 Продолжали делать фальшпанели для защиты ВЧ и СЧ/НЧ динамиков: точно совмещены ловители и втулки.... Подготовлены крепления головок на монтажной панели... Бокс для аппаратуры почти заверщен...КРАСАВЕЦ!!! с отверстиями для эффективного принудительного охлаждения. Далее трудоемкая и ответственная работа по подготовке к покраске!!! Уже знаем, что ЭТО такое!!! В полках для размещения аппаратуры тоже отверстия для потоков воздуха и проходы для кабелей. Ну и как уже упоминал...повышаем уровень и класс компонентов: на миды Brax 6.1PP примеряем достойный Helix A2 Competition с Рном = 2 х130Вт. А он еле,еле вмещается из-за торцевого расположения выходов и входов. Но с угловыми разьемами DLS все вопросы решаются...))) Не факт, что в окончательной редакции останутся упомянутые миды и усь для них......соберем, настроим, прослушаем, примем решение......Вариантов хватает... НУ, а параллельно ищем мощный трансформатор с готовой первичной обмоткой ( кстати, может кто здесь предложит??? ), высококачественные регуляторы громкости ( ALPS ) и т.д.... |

********************

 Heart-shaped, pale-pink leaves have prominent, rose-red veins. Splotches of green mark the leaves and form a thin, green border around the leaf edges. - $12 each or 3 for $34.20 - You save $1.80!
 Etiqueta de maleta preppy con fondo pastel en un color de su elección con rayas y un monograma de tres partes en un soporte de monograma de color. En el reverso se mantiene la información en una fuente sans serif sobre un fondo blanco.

********************

Problem requirements: Transcribe, exactly and without additions, the lines of the records above, beginning with the line that contains "Heart-shaped, pale-pink leaves" and ending with the line that contains "Etiqueta de maleta", both included.

Result:
 Heart-shaped, pale-pink leaves have prominent, rose-red veins. Splotches of green mark the leaves and form a thin, green border around the leaf edges. - $12 each or 3 for $34.20 - You save $1.80!
 Etiqueta de maleta preppy con fondo pastel en un color de su elección con rayas y un monograma de tres partes en un soporte de monograma de color. En el reverso se mantiene la información en una fuente sans serif sobre un fondo blanco.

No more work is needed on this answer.